Some pomegranates get processed into powder, which is exported and reconstituted into a variety of products, and into dietary supplements, which Brownwood also produces.
“For supplements, we bring the pomegranates themselves in and that is made into this whole fruit paste, and then that paste is encapsulated into whole fruit soft shells,” Shepley said. “It’s a fruit supplement, and we’ve changed all of our supplemental facts to nutritional facts. We’re selling food despite the fact I refer to these as being supplements.”
Still others are used to package arils – a growing niche. Tjerandsen estimates that there are about a dozen major commercial producers of arils in the U.S., Pom producing the majority of the total volume.
“An area of explosive growth (for arils) is ironically in the catering industry. They have discovered arils,” he said, noting that they’re turning up as garnishes on salads and meats or exotic additions to a glass of champagne or cocktail.
Many manufacturers of arils are using a machine produced by Juran Metal Works in Israel.
“They dominate the market,” Tjerandsen said. “They have a very interesting machine – one way makes arils and the other way it makes juice. So it is now kind of the standard.”

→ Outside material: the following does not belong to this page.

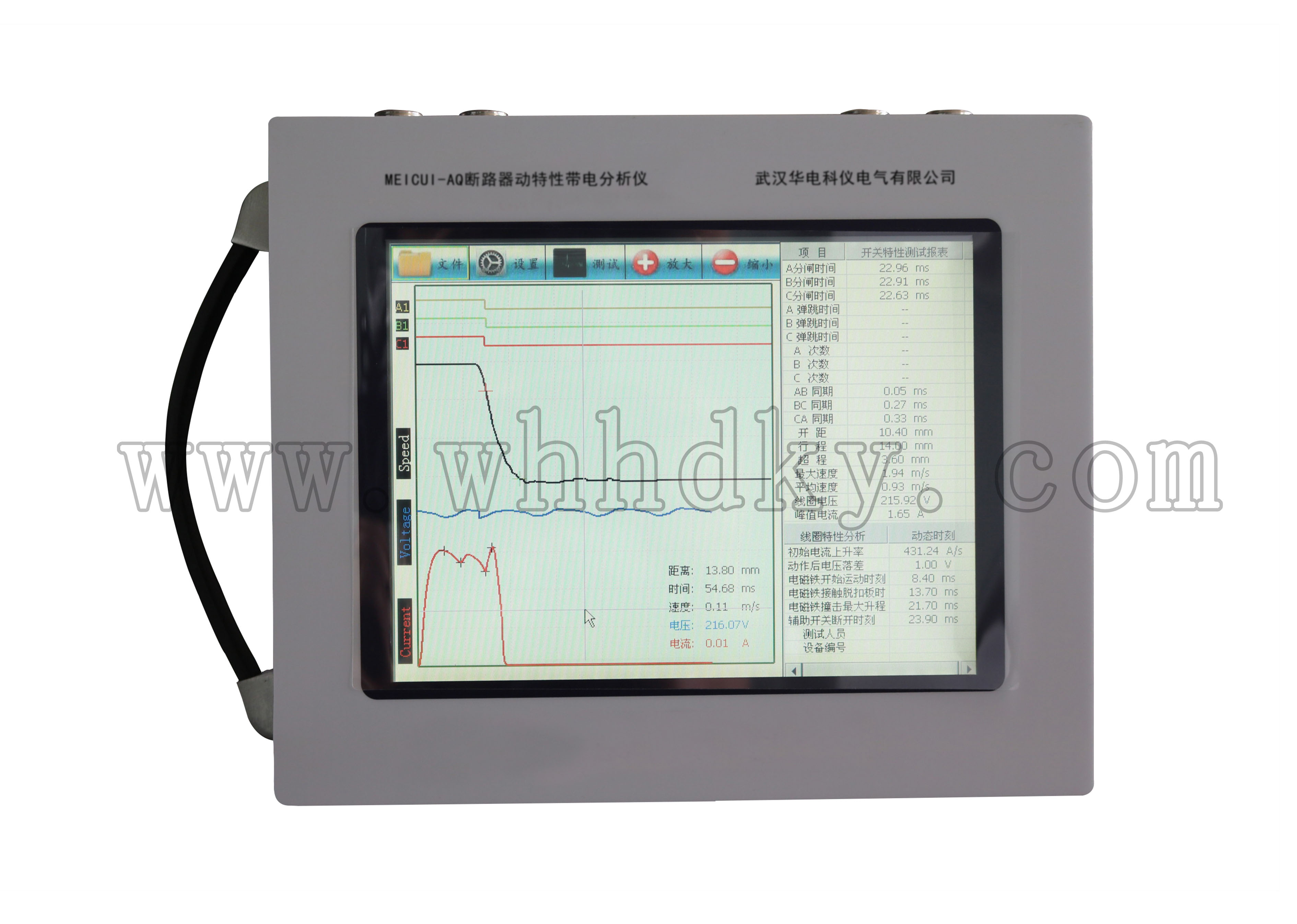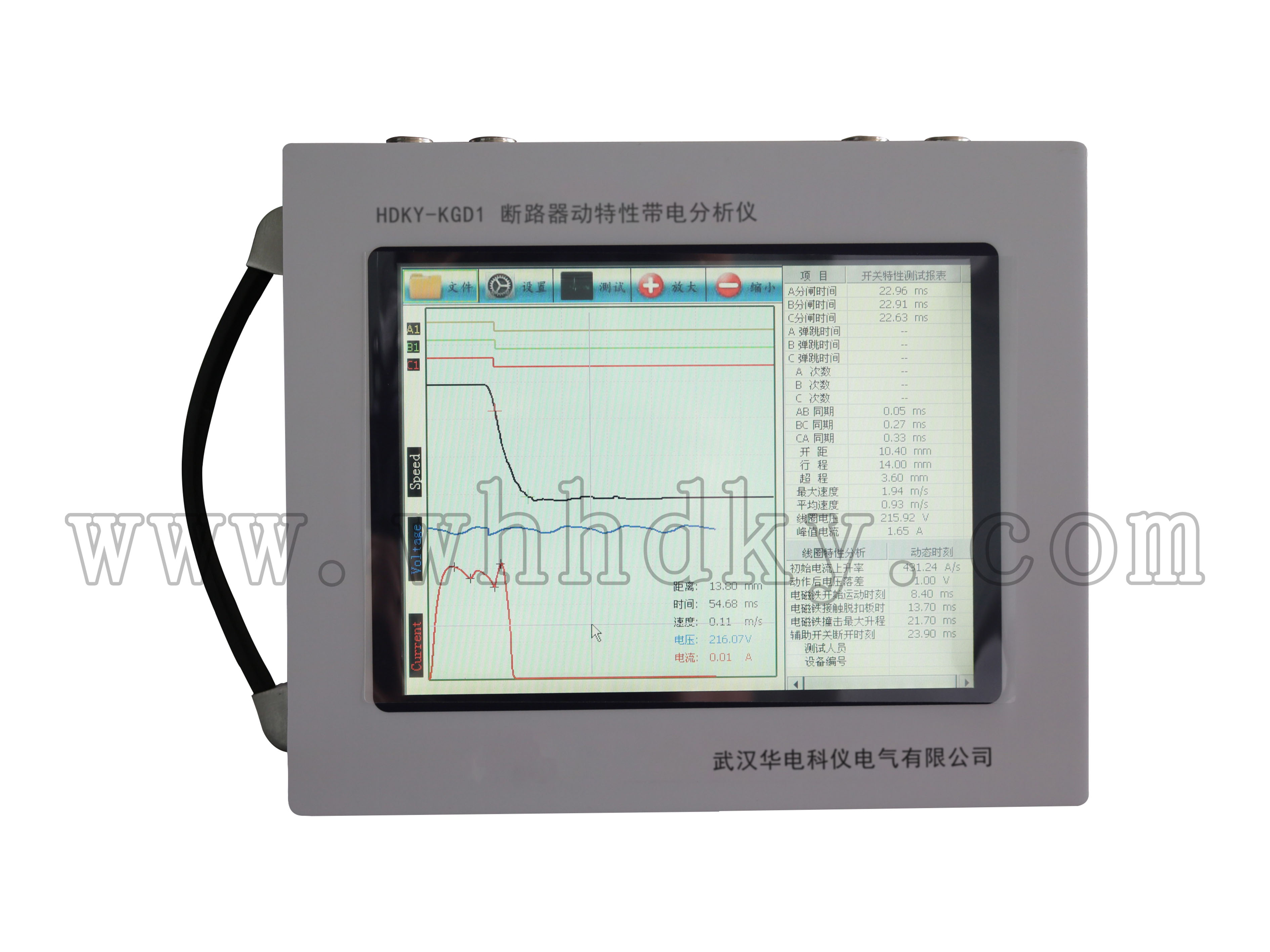 設(shè)備名稱:斷路器動特性帶電分析儀 型 號:HDKY-KGD1 數(shù) 量:1臺套 生產(chǎn)廠家:武漢華電科儀電氣有限公司
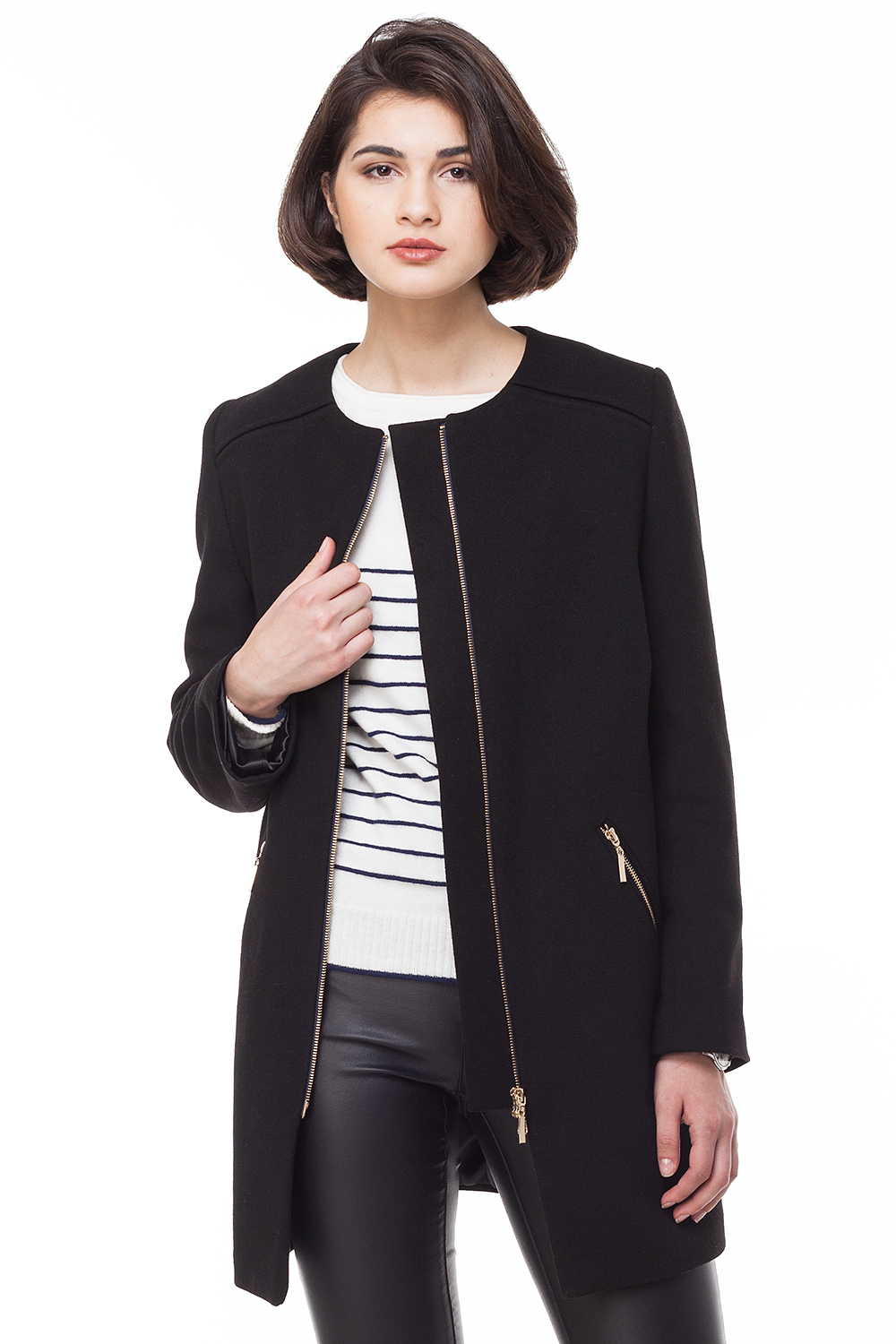 Пальто прямого кроя с округлым вырезом горловины и застежкой на золотистую молнию. Изделие на плотной поливискозной подкладке, спереди наклонные карманы. Модель дополнена декоративными швами с контрастными вставками.

Juran Business Development and Marketing Director Avner Galili said the company developed the patented equipment about 10 years ago. Juran’s biggest market is California, with the machines also being sold in Australia, India, Europe, China, Chile and other parts of the U.S. – including the one that went to the Georgia association.

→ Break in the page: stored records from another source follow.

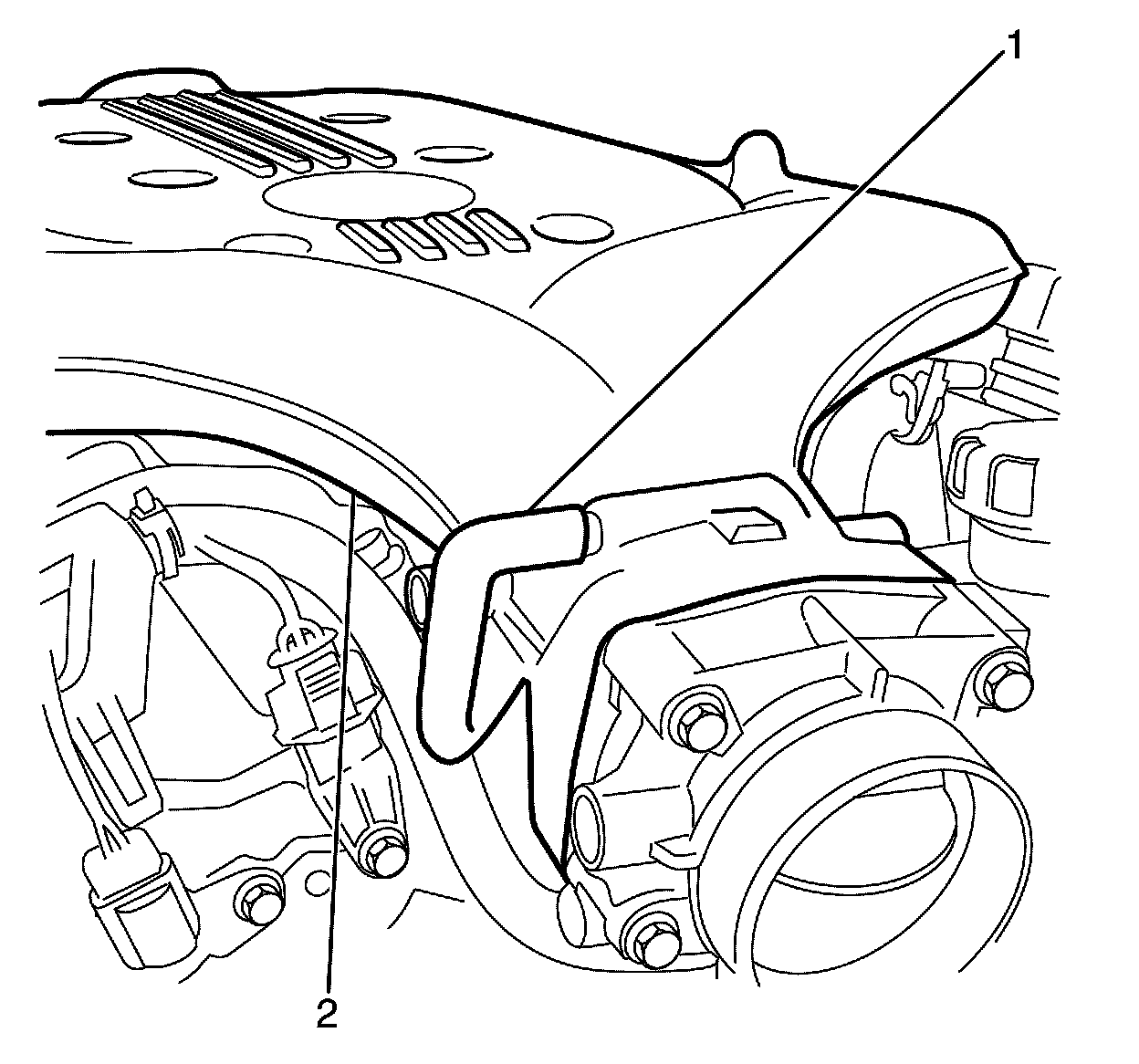 3. Remove the air intake duct. Refer to Air Cleaner Inlet Duct Replacement (Air Cleaner Inlet Duct Replacement).
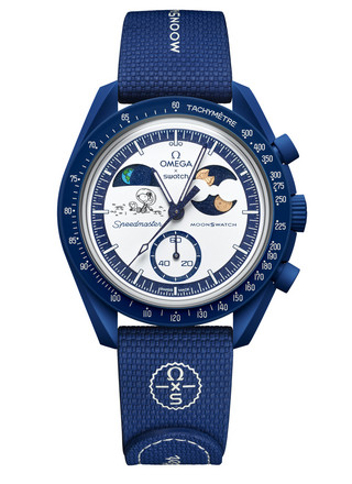 Στο καντράν και την κορώνα του κατέχουν περίοπτη θέση τα λογότυπα OMEGA X Swatch και στο καπάκι της κάσας του είναι χαραγμένη η δήλωση αποστολής του. Στο καπάκι της μπαταρίας περιλαμβάνεται ένα σχέδιο εμπνευσμένο από τη Γη, ενώ το λουράκι VELCRO® από καουτσούκ σε μπλε μαρίν προσθέτει μια cool αστροναυτική πινελιά.
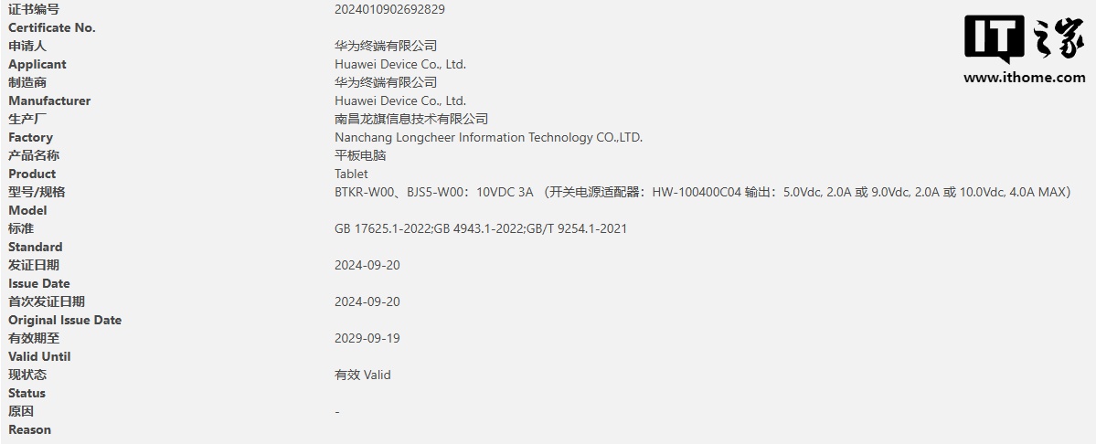 IT之家 9 月 21 日消息,华为昨天有两款平板电脑新品通过了 3C 认证,型号为 BTKR-W00、BJS5-W00,附赠 HW-100400C04 充电器,支持 40W 快充。

“The consumption of the fresh-cut arils in Europe is about 15 to 25 percent a year growth,” Galili said,estimatingU.S.growth at about 15 percent “because I can see how many machines they buy. So I know the growth and demand is growing.”

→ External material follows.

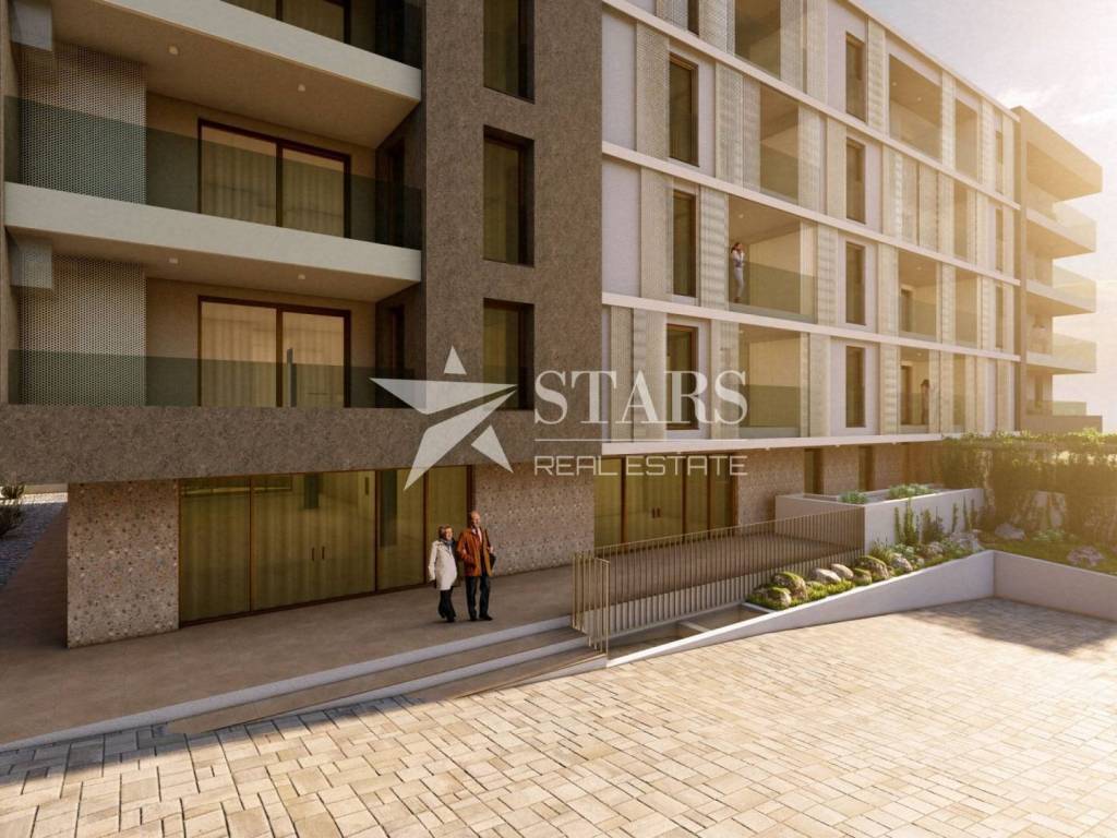 The building consists of 40 apartments and 4 commercial spaces, spread over 5 floors, with an underground garage and green areas.
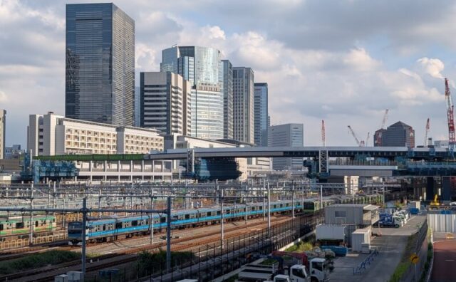 「モン タカナワ: ザ ミュージアム オブ ナラティブズ」と、44階172m「高輪ゲートウェイシティレジデンス」の様子 2025年11月30日撮影

While shipping the whole fresh fruit can be expensive, Chile currently ships about 250,000 boxes of pomegranates to the U.S. Peru has been authorized to bring them to America as well, but Tjerandsen said it’s only through one part on the Gulf of Mexico, where the fruit will have to be irradiated.
“So we don’t hold out much hope that’s going to be a success, for all intents and purposes,” Tjerandsen said.
The U.S. can also import arils and other processed product. But arils have a limited shelf life, so bringing them from long distances isn’t optimal.
Even with all of this activity, Simonian said, there is room for more growth.
“There are such a small amount of pomegranate products,” he said. “There are 2,000 peach products, and with pomegranates, there’s 200. But more and more products are being developed.”